§ **ACTION ITEM**
From the line with "Heat-resistant conveyor belt" to the line with "3. 缩量低吸洗盘:底部启动", retype each line exactly as it stands in the records below, but skip the pictures.

§ **THE INPUT**
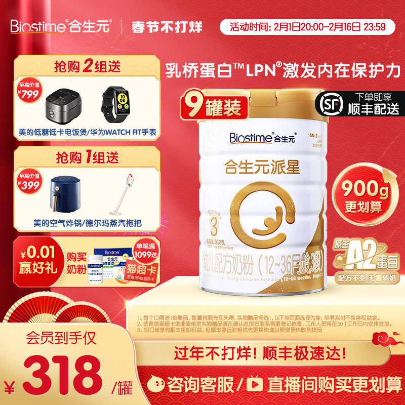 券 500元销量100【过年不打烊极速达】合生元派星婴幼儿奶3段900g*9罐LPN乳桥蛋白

==

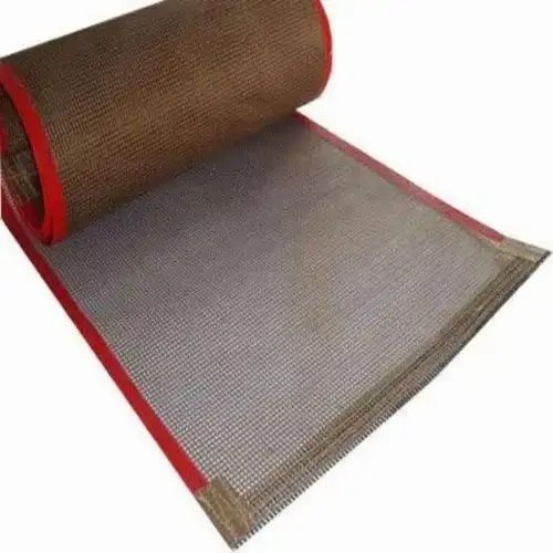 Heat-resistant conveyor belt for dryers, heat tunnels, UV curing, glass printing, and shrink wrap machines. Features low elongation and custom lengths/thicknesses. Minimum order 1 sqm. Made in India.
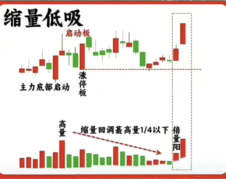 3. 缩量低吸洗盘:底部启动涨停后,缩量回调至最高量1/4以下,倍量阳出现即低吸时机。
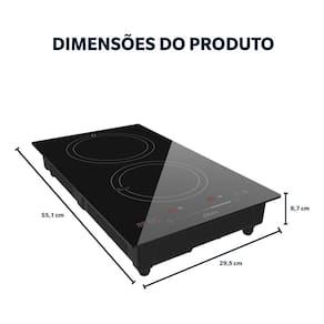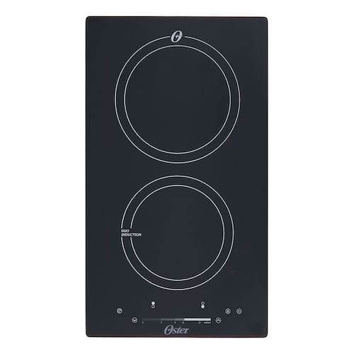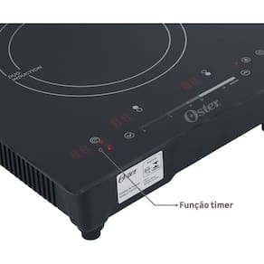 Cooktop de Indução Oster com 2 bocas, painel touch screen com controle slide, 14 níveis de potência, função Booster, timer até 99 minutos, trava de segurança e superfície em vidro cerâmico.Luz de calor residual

§ **RESPONSE**
 Heat-resistant conveyor belt for dryers, heat tunnels, UV curing, glass printing, and shrink wrap machines. Features low elongation and custom lengths/thicknesses. Minimum order 1 sqm. Made in India.
 3. 缩量低吸洗盘:底部启动涨停后,缩量回调至最高量1/4以下,倍量阳出现即低吸时机。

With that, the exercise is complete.